Data Guidelines

Here are some common guidelines for building efficient, cost-effective, and maintainable pipelines. They apply to most use cases but you might have to tweak based on your needs. Also see the FAQ page for some common performance issues and remedies.

Development

  • Use Scio REPL to get familiar with Scio and perform ad-hoc experiments, but don’t use it as a replacement for unit tests.

Storage

  • Leverage BigQuery, especially BigQuery SELECT query as input whenever possible. BigQuery has a very efficient columnar storage engine, can scale independently from Scio/Dataflow clusters and probably cheaper and easier to write than handcrafted Scala/Java pipeline code.
  • Use BigQuery as an intermediate storage, especially if downstream jobs do a lot of slicing and dicing on rows and columns. Feel free to de-normalize data and use wide rows.
  • Use Bigtable or Datastore depending on requirements for serving pipeline output to production services.

Computation

  • Prefer combine/aggregate/reduce transforms over groupByKey.

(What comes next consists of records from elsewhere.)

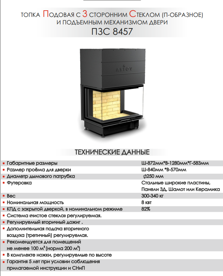 Номинальная теплопроизводительность устройства 8 кВт. Оптимальный объём зала 200 м3. Вы будете чувствовать себя комфортно, даже если очаг горит круглосуточно.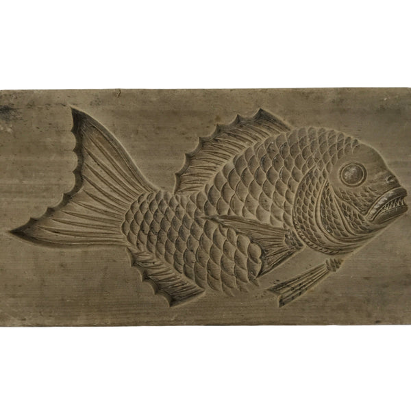 This two-panel kashigata mold is carved with the design of a sea bream fish (tai or madai). Served often in celebratory meals, this vibrant red fish symbolizes good luck. This mold can be used to make sweets or as an eye-catching decorative item.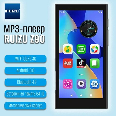 MP3-плеер RUIZU Z90, идеальное решение для любителей музыки и высококачественного звука. Этот современный плеер работает на базе операционной системы Android, что открывает доступ к множеству приложений и возможностей для развлечений. Оснащенный поддержкой Wi-Fi, вы сможете легко загрузить свои любимые треки и приложения. Одной из ключевых особенностей RUIZU Z90 является технология Bluetooth. Благодаря этому вы сможете без усилий подключать устройство к беспроводным наушникам или колонкам, наслаждаясь свободой движения и качественным звуком без проводов. Всего лишь с помощью нескольких кликов вы сможете соединиться с другими устройствами и погрузиться в мир музыки. С вместительной памятью на 64 Гб, MP3-плеер позволяет загрузить обширную библиотеку ваших любимых треков, аудиокниг и подкастов, чтобы всегда иметь под рукой развлечение. Простой и удобный интерфейс делает управление плеером интуитивно понятным, а стильный и компактный дизайн позволяет легко носить его с собой в кармане или сумке. Материал корпуса изделия: рамка из алюминиевого - цинкового сплава + стекло. Чип-платформа: MTK 6750 [Восьмиядерный процессор] Версия системы Android 10.0 Поддержка сети: WIFI-5G, WIFl-2,4G, мобильная точка доступа. Размер: 110*56*12 мм. Функция доступа в Интернет: Да Магазин приложений: Да Двунаправленная связь Bluetooth: Да Сенсорный экран IPS 4,0 дюйма Ночной режим: Да Вес: около 155 г Память: оперативная память 4 ГБ + встроенная память 64 ГБ Интерфейс зарядки / передачи данных: USB Type-C Аккумулятор: 2200 мАч / полимерная литиевая батарея Форматы поддержки музыки: полноформатный MP3 WAV DRM WMA OGG APE FLAV ACC [включая AAV-LC AAC-HE AAC-V1/V2] и другие основные форматы. Формат видео: поддерживает полные форматы, такие как RMVB, MP4, AVI, RM, MPG и т. д. Разрешение 720P [1280 * 720] 1080P [1080 * 1960] можно загрузить и воспроизводить напрямую без декодирования, с максимальной поддержкой HD 1920 * 1080p. Bluetooth 4.2 - поддерживает передачу Bluetooth в радиусе 10 метров и без препятствий. Диктофон: поддерживает формат 3Gpp для записи на расстоянии до 3 метров. Тексты: Поддерживает формат LRC. Электронная книга: поддерживает формат txt. Изображение: поддерживает основные форматы, такие как JOG, JPEG, BMP, GIF, PNG, TIF и т. д. Наушники: Поддерживает обычные 3 - 4 секционные наушники с сопротивлением 32 Ом выходная мощность 10 мВт Основные функции: Android, соединение Wi-Fi, загрузка приложений, музыка, видео, чтение электронных книг, FM-изображения, диктофон, календарь, будильник, калькулятор, Bluetooth.

Keep in mind that a reduce operation must be associative and commutative.
  • Prefer sum/sumByKey over reduce/reduceByKey for basic data types. They use Algebird Semigroups and are often more optimized than hard coded reduce functions. See AlgebirdSpec.scala for more examples.
  • Understand the performance characteristics of different types of joins and the role of side input cache, see the FAQ for more.
  • Understand the Kryo serialization tuning options and use custom Kryo serializers for objects in the critical pass if necessary.

Execution parameters

  • When tuning pipeline execution parameters, start with smaller workerMachineType e.g. default n1-standard-1 to n1-standard-4, and reasonable maxNumWorkers that reflect your input size. Keep in mind that there might be limited availability of large GCE instances and more workers means higher shuffle cost.

Streaming

  • For streaming jobs with periodically updated state, i.e. log decoration with metadata, keep (and update) states in Bigtable, and do look ups from the streaming job (read more about Bigtable key structure). Also see BigtableDoFn for an abstraction that handles asynchronous Bigtable requests.
  • For streaming, larger worker machine types and SSD for workerDiskType might be more suitable. A typical job with 5 x n1-standard-4 and 100GB SSDs can handle ~30k peak events per second. Also see this article on disk performance.